In the case at hand, Ms. Kelo and her neighbors can’t really benefit from this argument, because they’re landlocked, but other abutters could (and indeed, a neighboring Italian Dramatic Club was not included, and thus will benefit).

The city attorney’s hunker-down response may be logical given the plank onto which he strode, but in giving it he did his case few favors; indeed, it invites a classic slippery-slope argument. Given the evolving complexity of cities and urban environment, some amount of movement is inevitable, as new technologies enable higher living densities in ever-greater-interdependency.

 

J. A better solution: redefine ‘just compensation’

If we want to allow government’s eminent domain power to take property in an urban renewal context, we therefore need two things:

  1. A set of boundary preconditions, such as those I’ve listed in Sections F and H above.
  2. An economic disincentive for localities to get piggy (that’s a real estate term) by grabbing big swaths of property.

How about this? If the city thinks Ms. Kelo’s property is so integral, in addition to paying her and her neighbors their fair market value today, give them a ratable share of the development’s upside. Make her and the other homeowners a 2.5% partner (2.4 acres out of 90).

So yes, the city may take, but it pays:

“Just compensation” in eminent domain

+ Cash now, at the property’s fair market value today

+ A ratable ownership share in the development (worth cash in the future)

= Total “just compensation”

This approach has several handy features:

· Internal tension. If a city really wants a property, if it really thinks the property will integrally boost the development’s value, then it must share that upside with the lucky landowner. This would be self-limiting and self-adjusting and would brake all those slippery slopes.

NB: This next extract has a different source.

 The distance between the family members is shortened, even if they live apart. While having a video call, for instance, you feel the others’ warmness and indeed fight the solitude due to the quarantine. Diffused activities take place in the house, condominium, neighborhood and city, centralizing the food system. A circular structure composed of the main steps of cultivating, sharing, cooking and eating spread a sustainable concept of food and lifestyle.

· Doesn’t require reducing complex valuation issues. Nobody has to put a crystal ball on the future; Ms. Kelo and her friends own 2.5% of the deal, for good, bad or otherwise. If they want to re-trade that interest back into cash, they can; if not, they can hold on to it indefinitely. And it will empower them with the full body of minority-shareholder rights, equalizing the big-little asymmetric leverage that the plaintiffs’ briefs so decry.

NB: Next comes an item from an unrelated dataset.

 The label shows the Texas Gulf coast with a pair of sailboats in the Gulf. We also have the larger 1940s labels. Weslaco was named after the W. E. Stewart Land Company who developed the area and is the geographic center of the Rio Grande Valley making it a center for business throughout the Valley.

· Consistent with the general case. If a city knocks down a house for a non-urban renewal use — like a highway — there’s no development, no profit, and the second component is demonstrably zero. So by adding this element in urban renewal, we have not violated established law, any more than Einsteinian mechanics violated Newtonian; we have just refined it in a special case not normally encountered.

Indeed, such an argument is sketched out, although not fully calculated, in an intriguing non-lawyerly brief filed on behalf of John Norquist, former mayor of Milwaukee and now President and CEO of the Congress of New Urbanism:

 

“III. Allowing existing landowners to participate in economic development projects is a common practice in many countries, and is a viable alternative top condemning out existing property owners.

Though land assembly in partnership with existing landowners has become more common in other countries, the United States is not without some precedent for it. President George Washington resourcefully accomplished the land assembly needed to develop our nation’s capital by involving landowners in the process and allowing them to share in the economic rewards.”

 

Though Norquist’s brief itself peters out into homilies, it in fact invites our proposal above.

 

K. Conclusion

Lawyers aren’t developers, nor are they financiers. Which makes reading these briefs so exasperating: citation is piled on speculation and topped with hyperbole, all of it, in my humble opinion, misdirected. So, were it up to me to decide, I’d make the law by ruling:

· For the City on ‘public use’

 

· But remanding with an expanded and explicit definition of just compensation.

And the principle I would be seeking to enshrine in law is simply this:

 

Land may be taken for urban renewal, but if it is taken for economic redevelopment, then the landowner’s just compensation must include a component of the expected increase in property value, preferably in an ownership share or its ‘indubitable equivalent.’